Friday, March 28, 2008

Scientific Firsts

At first, the grainy high-pitched warble doesn't sound like much but scientists say the French recording from 1860 is the oldest known recorded human voice.

The 10-second clip of a woman singing "Au Clair de la Lune," taken from a so-called phonautogram, was recently discovered by audio historian David Giovannoni. The recording predates Thomas Edison's "Mary had a little lamb" - previously credited as the oldest recorded voice - by 17 years.

The tune was captured using a phonautograph, a device created by Parisian inventor Edouard-Leon Scott de Martinville that made visual recordings of sound waves.

Using a needle that moved in response to sound, the phonautograph etched sound waves into paper coated with soot from an oil lamp.

Giovannoni and his research partner, Patrick Feaster, began looking for phonautograms last year and in December discovered two of Scott's - from 1857 and 1859 - in France's patent office.
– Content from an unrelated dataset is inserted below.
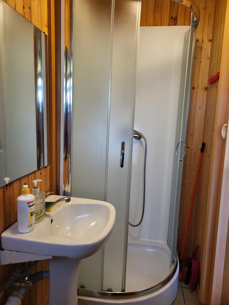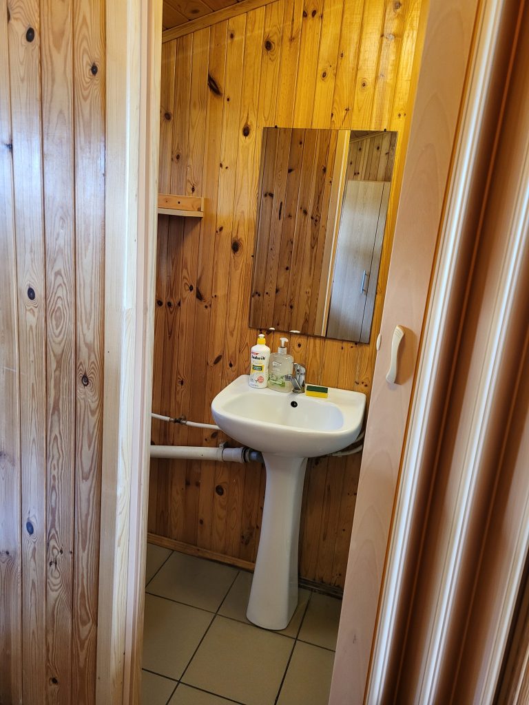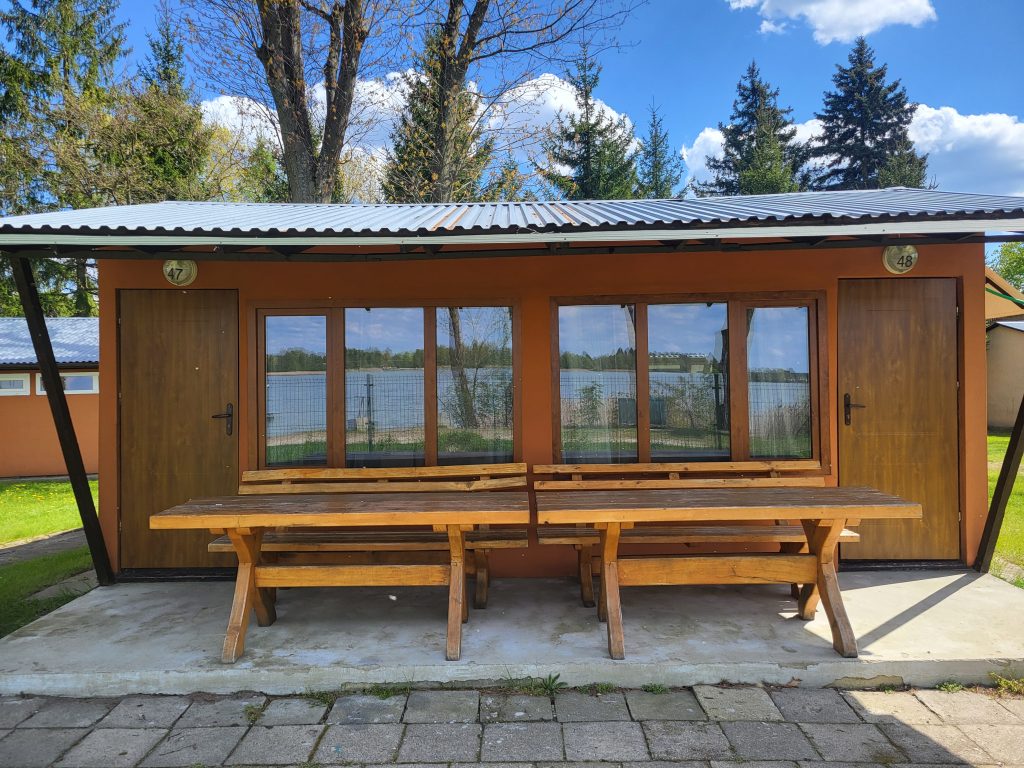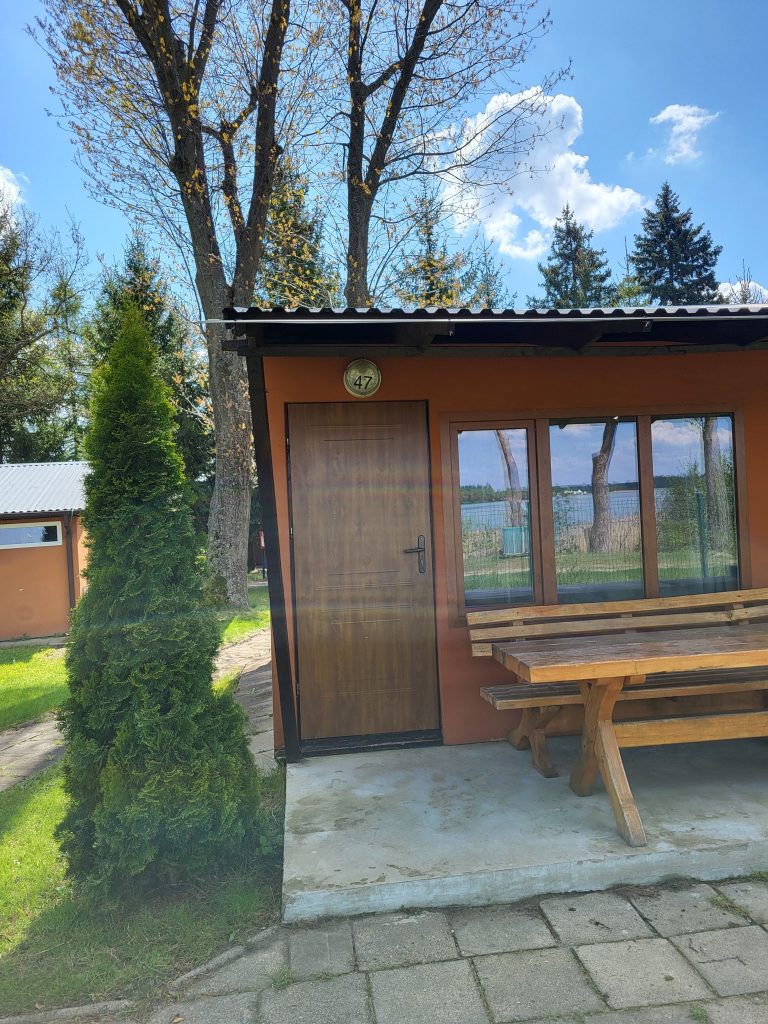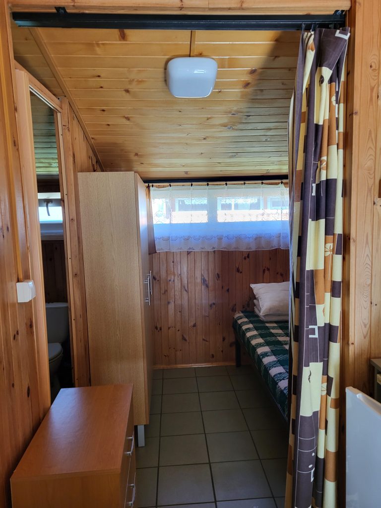 W domkach bliźniakach znajdują się trzy pojedyncze łóżka (dwa obok siebie z możliwością połączenia), stolik, krzesła, szafa, lodówka, czajnik, kuchenka elektryczna jednopalnikowa oraz podstawowe naczynia. Domki wyposażone są w łazienkę z prysznicem, umywalką i toaletą. Przed domkiem znajduje się stół oraz ławka, możliwość grillowania.
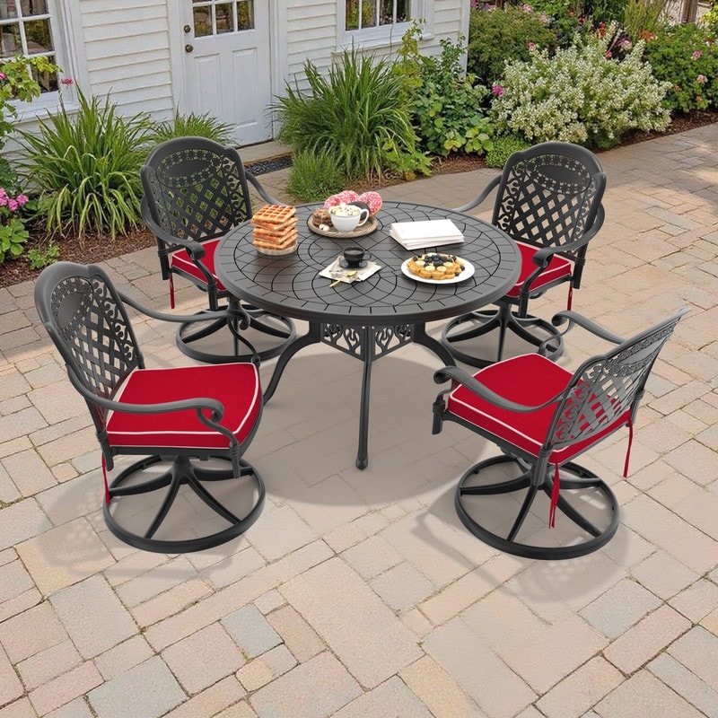 5-Piece Aluminum Round Outdoor Patio Dining Set, 4 Cushioned Swivel Chairs, Table, All-Weather Frames

Using high-resolution optical-scanning equipment, Giovannoni collected images of the phonautograms that he took back to the United States.

"What Scott was trying to do in 1861 was establish that he was the first to arrive at this idea," Giovannoni said.
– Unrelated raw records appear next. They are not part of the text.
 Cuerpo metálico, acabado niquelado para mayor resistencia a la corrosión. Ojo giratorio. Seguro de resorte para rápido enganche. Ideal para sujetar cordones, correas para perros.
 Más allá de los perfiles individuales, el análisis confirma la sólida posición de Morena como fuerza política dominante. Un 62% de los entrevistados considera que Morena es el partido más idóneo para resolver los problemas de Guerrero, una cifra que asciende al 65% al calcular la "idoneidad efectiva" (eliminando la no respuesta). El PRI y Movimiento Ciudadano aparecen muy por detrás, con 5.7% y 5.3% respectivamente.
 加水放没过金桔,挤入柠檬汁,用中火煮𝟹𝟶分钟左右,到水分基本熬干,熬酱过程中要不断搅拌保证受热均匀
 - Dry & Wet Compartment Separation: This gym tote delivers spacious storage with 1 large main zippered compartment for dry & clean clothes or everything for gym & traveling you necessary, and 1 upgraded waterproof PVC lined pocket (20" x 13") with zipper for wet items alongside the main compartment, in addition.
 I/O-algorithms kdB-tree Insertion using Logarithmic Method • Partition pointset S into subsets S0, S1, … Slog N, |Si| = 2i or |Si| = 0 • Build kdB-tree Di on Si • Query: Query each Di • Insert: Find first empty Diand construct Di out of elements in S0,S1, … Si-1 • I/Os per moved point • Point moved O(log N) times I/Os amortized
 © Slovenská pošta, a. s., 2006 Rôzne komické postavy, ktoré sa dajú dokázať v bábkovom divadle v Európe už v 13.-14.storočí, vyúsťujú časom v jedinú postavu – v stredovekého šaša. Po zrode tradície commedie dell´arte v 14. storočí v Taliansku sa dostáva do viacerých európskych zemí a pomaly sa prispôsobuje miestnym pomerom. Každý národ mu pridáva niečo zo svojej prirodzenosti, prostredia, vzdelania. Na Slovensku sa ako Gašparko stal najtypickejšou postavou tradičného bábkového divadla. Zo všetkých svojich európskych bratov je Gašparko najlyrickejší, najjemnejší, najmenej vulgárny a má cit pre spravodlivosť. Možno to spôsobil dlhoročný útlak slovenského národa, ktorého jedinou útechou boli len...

"He was depositing with the French Academy examples of his work."

"We took those images back to Lawrence Berkeley National Laboratory and found that (Scott's) technique wasn't very developed," Giovannoni said.

"There were squiggles on paper but it was not recording sound."

So Giovannoni, who collaborates with many other audio historians, including scientists at Berkeley, asked the French Academy of Sciences to send digital scans of more of Scott's papers. Those scans arrived March 1.

"When I opened up the file, I nearly fell off my chair," Giovannoni said.

"We had beautifully recorded and preserved phonautograms, many of which had dates on them.

Here the recording H E R E

As if that weren't enough a New York auction house is selling a primitive photograph that could be a much earlier work than originally believed.

If so, it says, it would be one of the most important discoveries in the history of photography.

The work, "Leaf," to be sold at Sotheby's on April 7, is a photogenic drawing — a cameraless process in which an object is placed on silver nitrate-coated paper or leather to form a negative image.

It had previously been attributed to William Henry Fox Talbot, considered the father of photography along with Louis-Jacques-Mande Daguerre. It was thought to have been made in 1839 at what is widely accepted as the dawn of photography.

But Sotheby's says research by a leading photo expert suggests otherwise — that several early photo experimenters could be the authors, including Thomas Wedgwood, James Watt and Humphry Davy, who worked in the medium decades earlier. If that theory is true, it means the photo could have been made as early as 1790.



What it will fetch at auction is anyone's guess, said Denise Bethel, Sotheby's director of photography.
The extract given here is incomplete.